Available data
**********

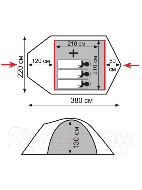 - Внешний тент водостойкий, с двумя вентиляционными клапанами.
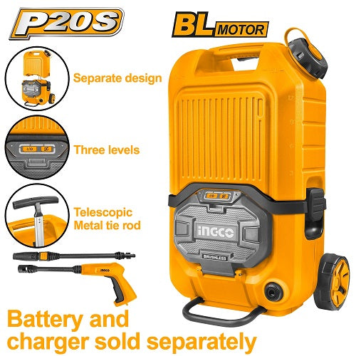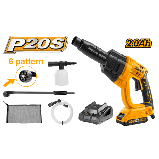 INGCO (CPWLI20082) Lavadora de alta pressão sem fios 20 V Bateria de lítio 2,0 Ah
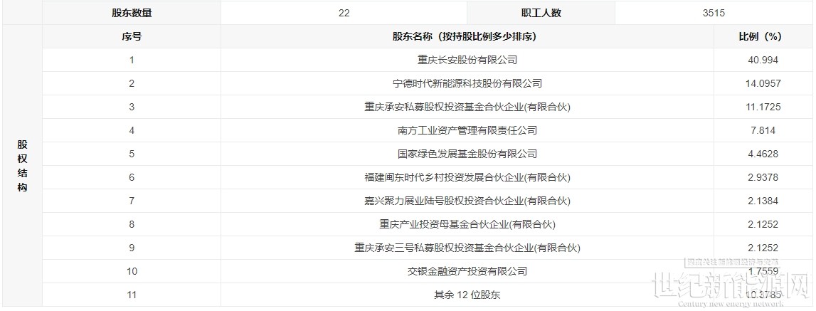 阿维塔目前有3515名员工,22位股东,其中第一大股东是长安汽车,持股比例为40.994%。

**********

About this task
Could you give the material above again, exactly and without its pictures?

Output of the exercise
 - Внешний тент водостойкий, с двумя вентиляционными клапанами.
 INGCO (CPWLI20082) Lavadora de alta pressão sem fios 20 V Bateria de lítio 2,0 Ah
 阿维塔目前有3515名员工,22位股东,其中第一大股东是长安汽车,持股比例为40.994%。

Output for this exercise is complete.